**What needs to be done**
Do not include the pictures; repeat the rest of the data exactly.

**Data excerpt**
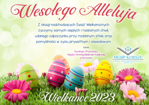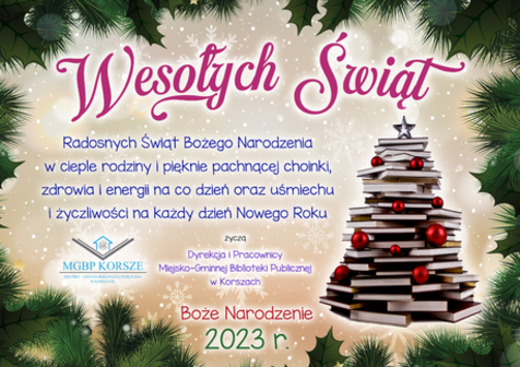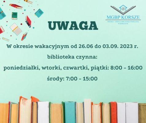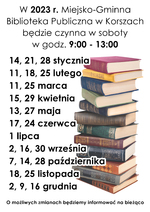 W 2023 r. Miejsko-Gminna Biblioteka Publiczna w Korszach będzie czynna w soboty w godz. 9:00 - 13:00. O możliwych zmianach będziemy informować na bieżąco.
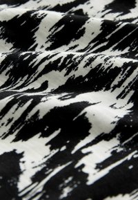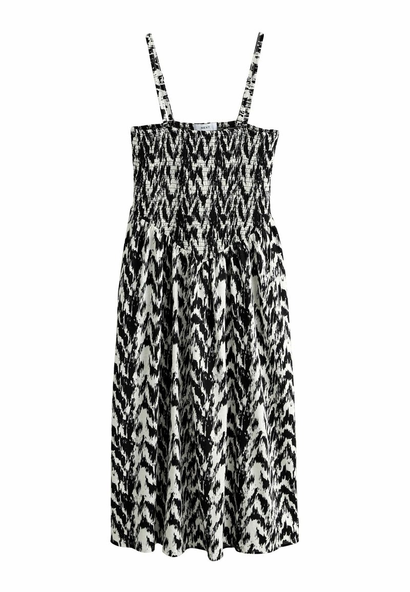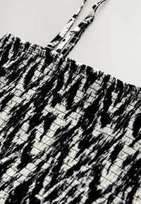 Robe à motifs noirs et blancs avec corsage smocké, bretelles fines et jupe fluide. Fabriquée dans un tissu léger avec une finition texturée.
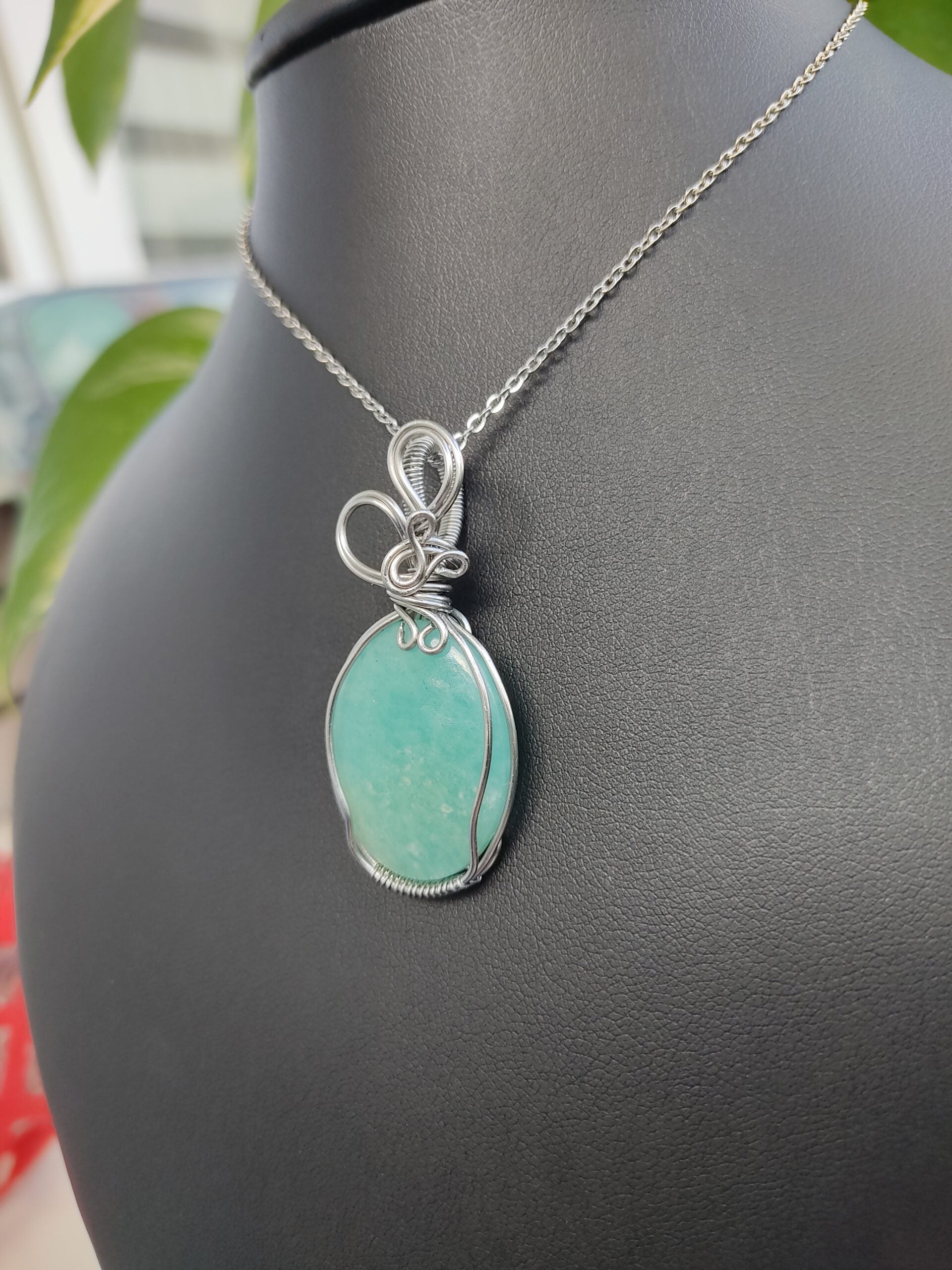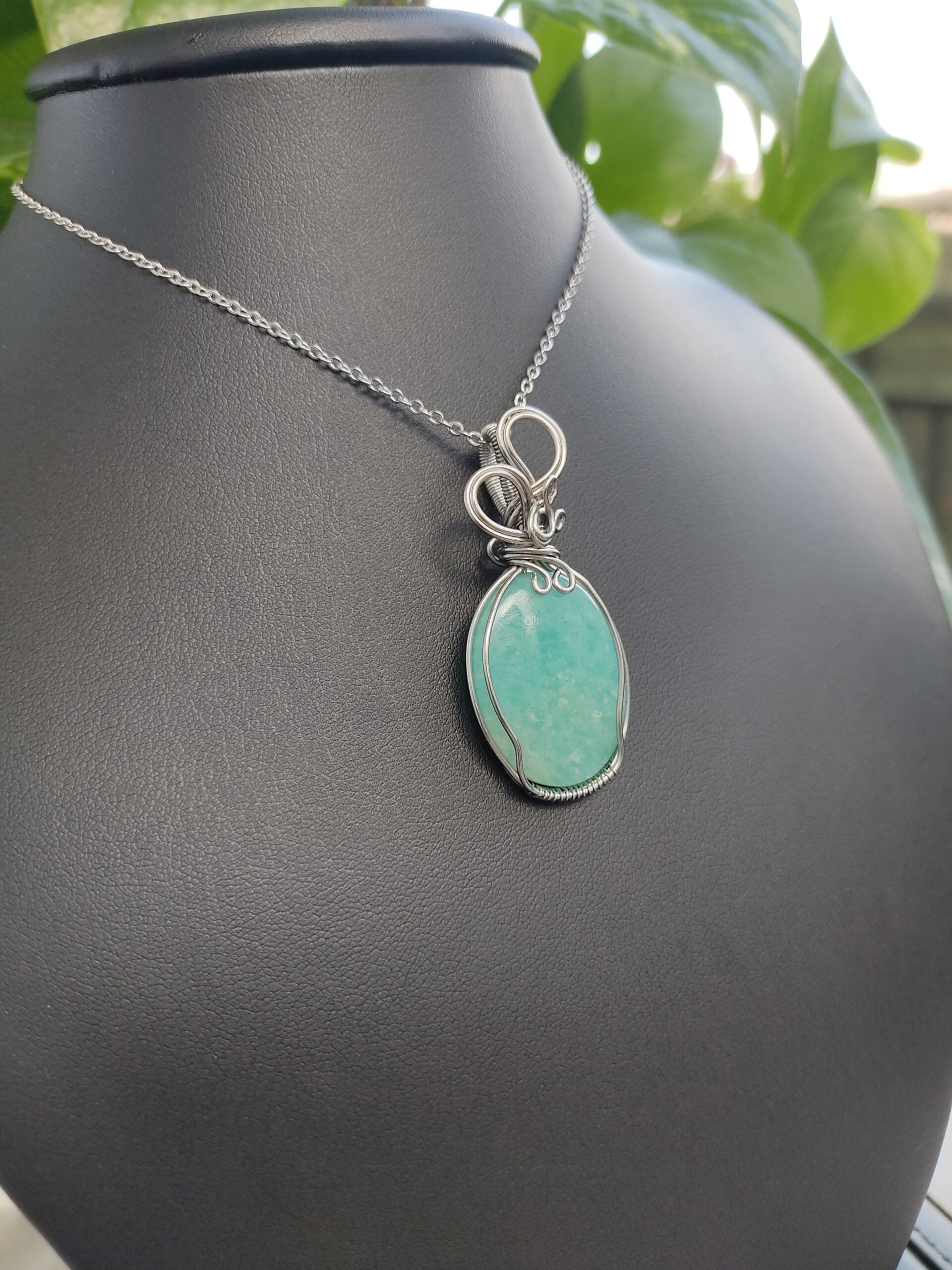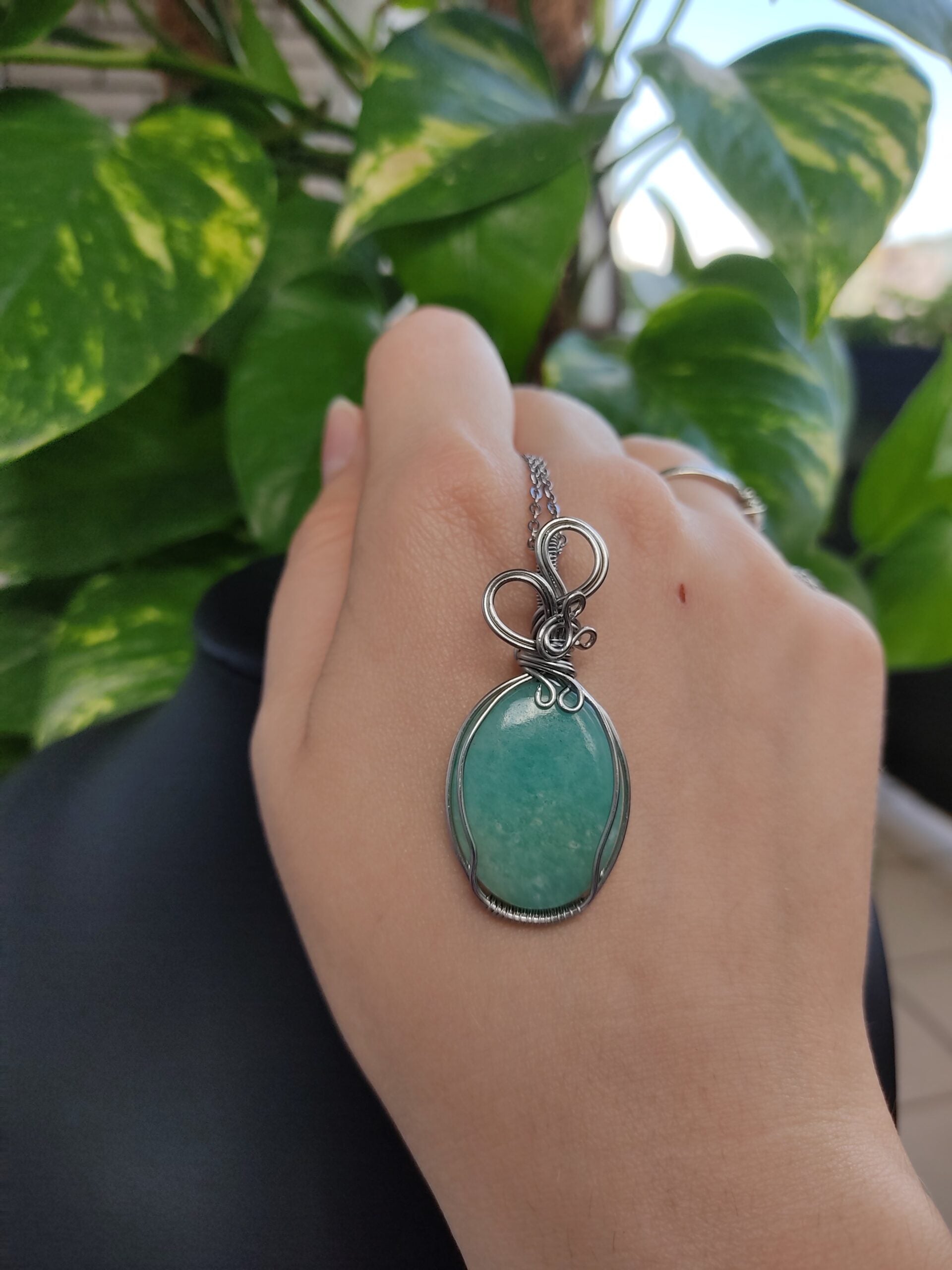 Ręcznie robiony wisiorek z amazonitem. Wykonany techniką wire wrapping z drutów ze stali chirurgicznej.

**Response to the task**
 W 2023 r. Miejsko-Gminna Biblioteka Publiczna w Korszach będzie czynna w soboty w godz. 9:00 - 13:00. O możliwych zmianach będziemy informować na bieżąco.
 Robe à motifs noirs et blancs avec corsage smocké, bretelles fines et jupe fluide. Fabriquée dans un tissu léger avec une finition texturée.
 Ręcznie robiony wisiorek z amazonitem. Wykonany techniką wire wrapping z drutów ze stali chirurgicznej.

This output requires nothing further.